Joan Ponç
Fanafafa Veribú
1950
The harlequin is a very common figure in the magic and haunting pictorial universe of Joan Ponç, and it often appears in the form of a self-portrait. The identity of these two harlequin-like characters named Fanafafa and Veribú is not clear. The artist liked to invent names for his fantastical characters. Malignant buffoons? Evil creatures? Dream-like figures? Toothless and with incredibly long fingers, they smile threateningly on a very dark stage. With his typically brilliant and nocturnal colours, Ponç constructs an eerie scene with objects from magic and astrology such as the sphere, the square and the cone. These are geometrical figures that also belong to the world of ideas, and, as such, they confer on the artist the role of a prophet who can predict the future.
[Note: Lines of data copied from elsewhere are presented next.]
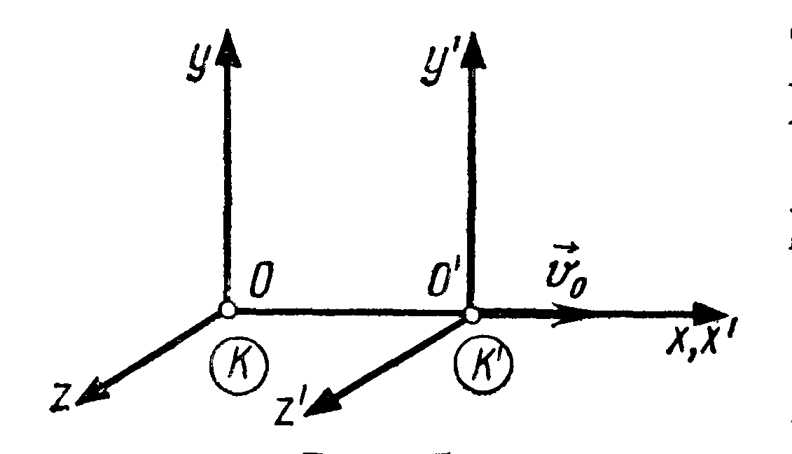 В специальной теории относительности рассматриваются только инерциальные системы отсчета. Во всех задачах считается, что оси у, у' и z, z' сонаправлены, а относительная скорость v 0 системы координат К' относительно системы К направлена вдоль общей оси хх'.
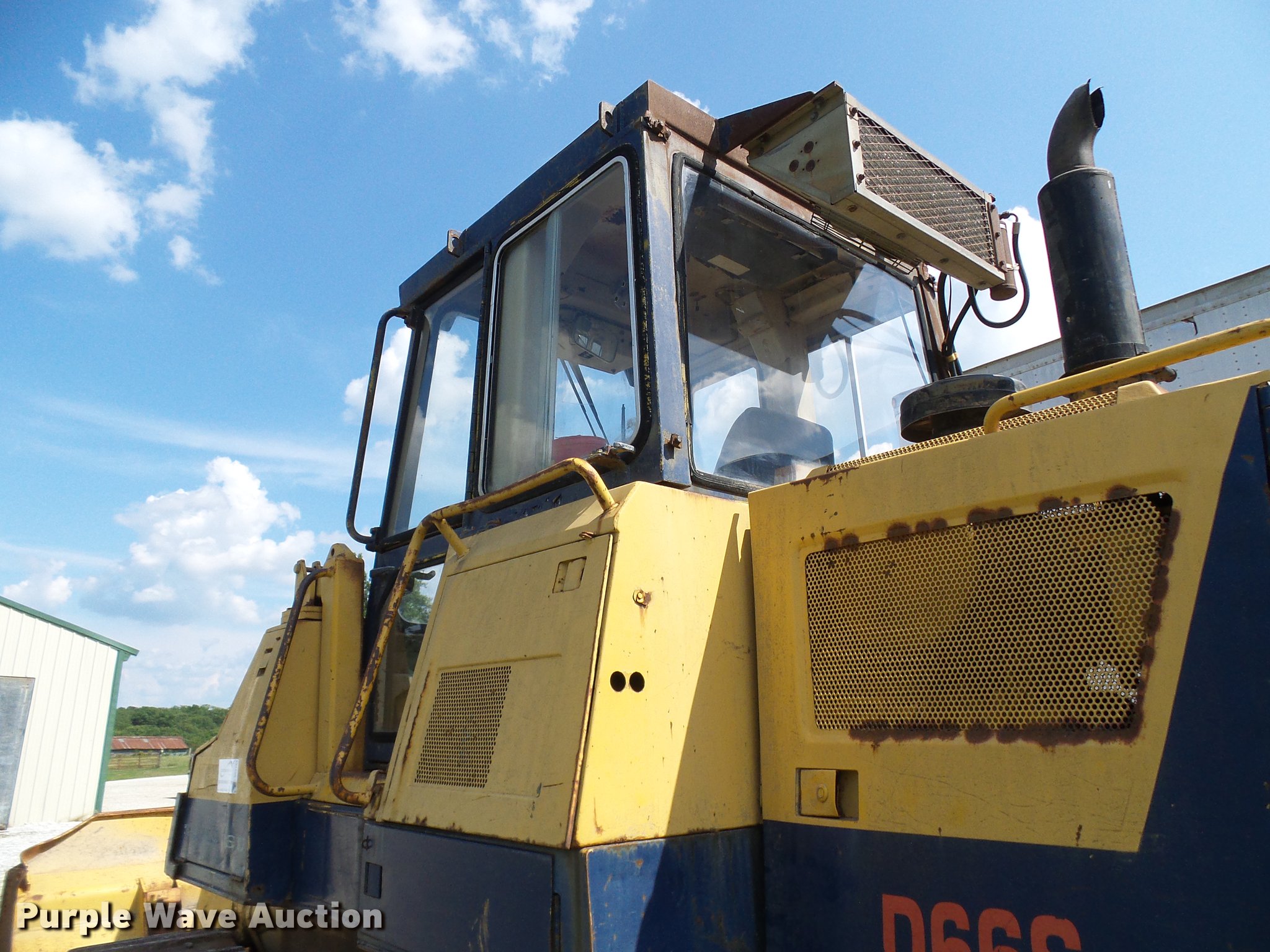 Komatsu D66S-1 track loader. 3,747 hours on meter, Six cylinder turbo diesel engine, Hydrostatic transmission, Enclosed cab, Suspension seat, Front work lights, 8'W bucket Weld-on cutting edge, (8) bolt-on teeth, (6) bottom rollers, 20"W single grouser track pads, Final drives inoperable on right side, Serial 1516. Vitt Truck and Auto Repair. 24511 US-24. Paris, MO 65275
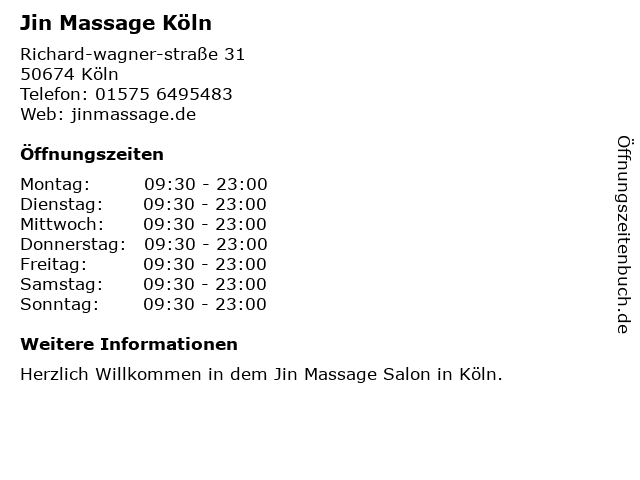 | Öffnungszeiten Jin Massage Köln in Köln anzeigen | |

Dating from 1950, the work was made two years after Ponç had founded, together with Antoni Tàpies, Modest Cuixart, Joan Brossa and Arnau Puig, the group and the magazine called Dau al Set, creators of a visual language close to Surrealism known as ‘plastic magicism’, a term coined by the critic Juan Eduardo Cirlot. Of all these artists, Ponç would remain the most faithful to this style, and at that time he was already incorporating the figure of the artist as prophet in his work, a symbology he never abandoned.